Avec son livre The Beautiful Struggle, le photographe suédois Per Englund s’est immergé dans les Townships de Cape Town. La jeunesse y vit au son du kwaito et invente ses propres codes vestimentaires. Interview

Comment est né le projet The Beautiful Struggle ?
Je suis venu une première fois en Afrique du Sud comme assistant d’un photographe de mode suédois. A cette époque, je ne savais pas grand-chose du pays. La première vision que j’ai eue dans le taxi qui nous emmenait de l’aéroport était des alignées sans fin de maisons en tôle. C’était une image sordide d’un pays offrant des contrastes très durs. J’ai ressenti le besoin d’entrer dans les townhips, mais je voulais éviter la visite guidée pour les touristes. A la fin de l’année, j’ai fais la rencontre de Mlamli Figlan qui travaillait dans un des hôtels où nous résidions. On avait le même âge et il vivait dans le township de Guguletu. A cette époque, il portait mes bagages et me servait mes boissons, ce qui me mettait mal à l’aise, étant Blanc, Suédois et ayant la mémoire de l’apartheid à l’esprit. Je lui ai fait part de mon intérêt pour la vie qui se passait de l’autre côté, et il a commencé à me parler de la vie dans les townships. On devait garder le profil bas parce que la direction de l’hôtel lui avait interdit de parler de ça aux visiteurs. Son travail était de promouvoir les plages, les montagnes et les safaris. Nos routes se sont séparées lorsque l’équipe photographique s’est déplacée, mais j’ai toujours gardé Mlamli en tête. Une année plus tard, j’ai quitté mon travail et je suis retourné à Cape Town dans l’idée de retrouver Mlamli et de commencer à photographier la vie dans les townships. J’avais perdu son numéro de téléphone, alors je suis retournée à l’hôtel où il travaillait, mais il avait quitté son travail à cause des tensions avec la direction. J’ai eu la chance de tomber sur lui dans la rue. Il m’a emmené à Guguletu et ce fut le début d’une longue aventure en sa compagnie.
La vie et la réalité des habitants des townships furent-elles difficile à approcher ?
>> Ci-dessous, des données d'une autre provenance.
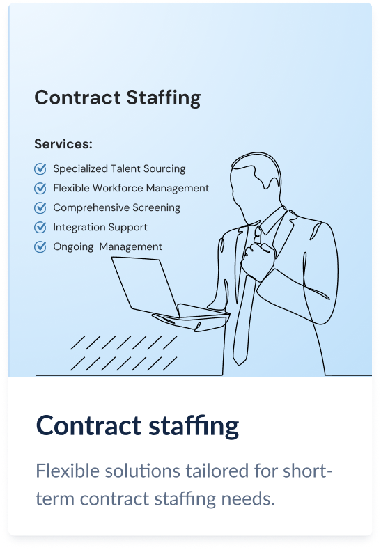 MCIIS Tech provides HR support and talent management services tailored to your requirements. Our extensive database of qualified candidates ensures we match the right talent to your needs, maintaining a high-quality employee pool across various skillsets.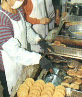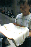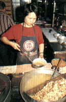 苗栗境內高山橫亙,丘陵綿延,崎嶇的地形造成交通不便,加上族群的沖突不斷,開發腳步較為緩慢,向來皆以農業為主要生產方式,以及境內占了半數以上的客家族群,都成了形成苗栗小吃風格的因素。 苗栗境內的小吃多為家常的菜色和客家飲食,沒有光鮮的門面及豪華的排場,卻以道地的做工及鮮明的特色吸引客人,頭份牛家莊做的是精純的牛肉料理;明德水庫盛產鱺魚,鄰近的頭屋鱺魚小吃店及苗栗市西山莊鱺魚小吃便以此為號召;苗栗市里還有專賣餡餅的一口香餡餅、肉圓名店——湯家肉圓;公館鵝家莊除了高明的土鵝料理,鄉土美食同樣出名;而三義的賴新魁面店,則以一碗祖傳三代的大骨肉面打響名號。當然,來到客家人的大本營,客家料理自是不能錯過,苗栗市的邱家粄條和三義的大廣新餐廳,都能讓你品嘗到客家菜酸、咸、肥、香的特殊風味。 頭份牛家莊 地址:頭份鎮中華路1047號 電話:(037)64-053 營業時間:1130-1400、1700-2000 休息時間:每月第一個周二、第三個周日 店內特色:煎牛小排、十全燉牛鞭、麻辣牛唇、炒千層肚 餐飲出身的老板,曾在大名鼎鼎的中壢牛家莊拜師學藝,因為堅持使用本土的新鮮牛肉,牛家莊的料理沒有進口冷凍肉品的生硬口感。經過老板的巧心鉆研,幾乎整頭牛都可以入菜,軟硬適中的煎牛小排、脆爽的炒牛百葉、香氣十足的十全燉牛鞭、炒牛心肝等,沾著特制的醬料,更加令人食指大動。此外,牛家莊也推出自制的牛肉干,料實味美,自用送禮兩相宜。 西山莊鱺魚小吃 地址:苗栗市文山里63-3號 電話:(037)337-485、351-153 營業時間:1100-1400、1700-2000 店內特色:鱺魚生魚片、醉毛蟹、紫蘇鴨舌、半天筍炒福菜 位于監理站旁,向以鱺魚生魚片聞名,鱺魚來自明德水庫,無土腥味,肉質香甜松軟,擁有豐富蛋白質,對傷口愈合具有奇效;即使食客滿堂,仍堅持每餐只預宰5只,品質新鮮有保證。西山莊的毛蟹亦聲名遠播,無論是清蒸、干炒或醉蟹皆獨具風味,其中醉蟹以米酒將活生生的毛蟹醉死,做出來的醉蟹蟹黃、蟹膏氣味香濃,蟹湯鮮美而蟹肉愈嚼愈香;此外,梅干扣肉、客家小炒、紫蘇炒鴨舌、半天筍炒福菜等都是招牌,再搭配傳統的木桶飯,更是一絕。 一口香餡餅 地址:苗栗市中山路49-4號 電話:(037)271-421 營業時間:140-1830 店內特色:餡餅、蘿卜絲餅、小米粥  苗栗市近年來急速竄起來的小吃,在客家人占多數的苗栗市,能以北方面食打響名號,靠的可是貨真價實的功夫。一口香只賣牛肉、豬肉、蘿卜絲、豆沙四種口味的餡餅及小米粥,餡餅都是當天現做,手搟的薄皮煎得恰到好處,趁著還有點燙口小心咬下,入口酥香松脆,帶湯的餡料鮮美有加,叫人停不了口;而蘿卜絲餡餅則是老板自創。吃完餡餅,再喝上一碗加了薏仁、五谷雜糧的小米粥,濃稠香甜的口感,更是過癮。 邱家粄條 地址:苗栗市社寮街41巷8號 電話:(037)263-497 營業時間:0700-1400 休息時間:周日 店內特色:粄條湯、炒粄條、冰鎮紅茶 邱家粄條沒有醒目的招牌,但店內的人潮始終不斷,靠的便是獨特的做工和道地的材料。創始于日本昭和年間的邱家粄條,80多年來始終秉持不添加太白粉和硼砂的原則,以純手工精制,店里賣的粄條都是當天大清早蒸出來的,鮮香味美,滑溜爽口,吃得出在來米的香甜,不管是煮湯或熱炒,都十分可口;餐后再來一杯特制的冰鎮紅茶,提神解膩,令人吮指回味。 湯家肉圓 地址:苗栗市中山路713號 電話:(037)322-514 營業時間:0600-1800 休息時間:農歷每月17日 店內特色:肉圓、紅豆湯 苗栗市南苗市場附近,有家“湯家肉圓”,低矮老舊的店面,也沒有掛上任何招牌,當地人卻是老少皆知。其肉圓以純手工制成,每天都要賣出600多個;假日客人多時,下午3點便賣個精光。湯家肉圓不但外皮松軟帶勁,大塊的肉片、竹筍、香菇等內餡,讓人看得垂涎、吃得滿意。其紅豆湯也是一絕,整鍋的大、小紅豆熬的松松綿綿,入口清甜不膩,令人百吃不厭。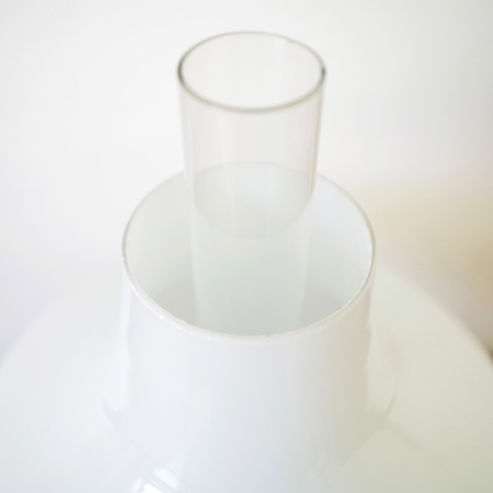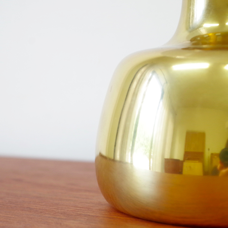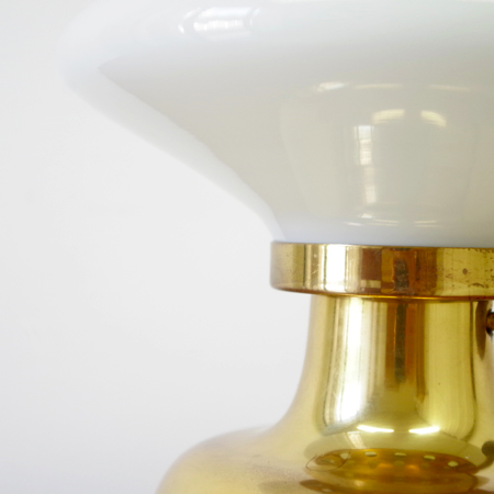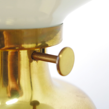 デンマーク王室御用達の銀器ブランド、ジョージ・ジェンセンにて活躍をしたヘニング・コッペルが1962年にデザインしました、ルイス・ポールセン社製のオイルランプPetronellaです。 鈍い光をたたえる真鍮の本体と乳白色のシェード、何ともシンプルで潔い構成が、優美な曲線をより強く印象づけてくれます。彫刻を学んだコッペルらしいエレガントな曲線を有する形状から、Petronellaという女性の名前が付けられているようです。 本体には、80時間ほど使用できる量のオイルを入れることができます。電気の灯りとは異なる、やわらかな灯りがお部屋に広がります。芯は新しいものに交換しまして、クリーニングおよび動作確認済です。ランプ専用のオイルをお付けしますので、すぐにご使用いただくことが可能です。製作年により少し形状が変わるようで、①は初期タイプとなります。ホヤ(中央のクリアガラス)を支える部分にクラシカルな装飾が施されており、乳白色のシェードも薄く繊細です。ホヤの先端に極僅かなチップがありますが、気にならない程度です。全体として良好な状態を保っています。

Au début, certains habitants étaient un peu méfiants. Ils pensaient que je n’allais pas revenir avec les photographies. Trop de touristes avaient fait cette promesse et ne l’avaient pas tenue. Ramener des photos à ceux qui le demandaient a donc été déterminant. C’est une question de confiance, de respect, et comme nous n’avions pas de soutien financier, c’était la seule chose matérielle que nous pouvions offrir. Parmi les difficultés rencontrées, Il y avait aussi la barrière de la langue. La langue maternelle de la plupart des habitants est le Xhosa, l’anglais vous emmène un bout mais pas aussi loin que vous désirez. Pour toutes ces questions, et bien d’autres, Mlami m’a aidé. Ce livre est autant le mien que le sien. Ce n’est pas un livre sur les townships, c’est un produit des townships.
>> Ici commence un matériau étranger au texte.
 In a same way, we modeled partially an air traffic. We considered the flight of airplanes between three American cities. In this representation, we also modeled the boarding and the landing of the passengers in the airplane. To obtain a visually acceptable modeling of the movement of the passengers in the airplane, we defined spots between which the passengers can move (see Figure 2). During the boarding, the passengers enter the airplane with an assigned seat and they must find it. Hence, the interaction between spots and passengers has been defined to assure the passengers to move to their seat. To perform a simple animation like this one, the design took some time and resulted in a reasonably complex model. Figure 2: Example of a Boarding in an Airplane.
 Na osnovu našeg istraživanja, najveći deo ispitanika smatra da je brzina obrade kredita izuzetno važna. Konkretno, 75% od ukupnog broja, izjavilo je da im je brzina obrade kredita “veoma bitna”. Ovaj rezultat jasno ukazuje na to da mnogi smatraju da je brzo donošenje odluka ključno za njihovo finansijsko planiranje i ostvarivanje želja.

The Beautiful Struggle nous entraîne au-delà de la mode et du style de vie jusque dans les activités quotidiennes et sociales des habitants des townships.
Mon idée de départ était de comparer les townships et la ville, de montrer que l’un ne peut exister sans l’autre. C’est une relation symbiotique. Sans les habitants des townships qui viennent tous les jours travailler à la ville, les gens de la ville ne pourraient jamais retirer les bénéfices de leur « belle vie ».
Les images sont à la fois en noir et blanc et en couleur.
J’ai commencé en noir et blanc, dans un style plus poétique et traditionnel. Mais très vite nous avons réalisé que cette histoire ne réclamait pas du contraste, mais de la couleur. The Beautiful Struggle raconte les bonnes vibrations, la créativité et le style unique que l’on rencontre dans les townships.
A quel point la musique kwaito a-t-elle influencé la mode et le style de vie des jeunes dans les townhips?
C’est très évident pour la jeune génération, beaucoup moins pour les aînés. On le voit clairement dans la rue, il y a des street bashes avec de gros sound-systems, des sessions à micros ouverts et les incroyables compétitions de danse pantsula. Mais la scène kwaito est beaucoup plus importante à Johannesbourg. La musique kwaito est pour les jeunes Sud-Africains des ghettos ce que le hip hop était à ses débuts à New York.
Le hip hop et sa culture globale sont-ils toujours présents à Cape Town ?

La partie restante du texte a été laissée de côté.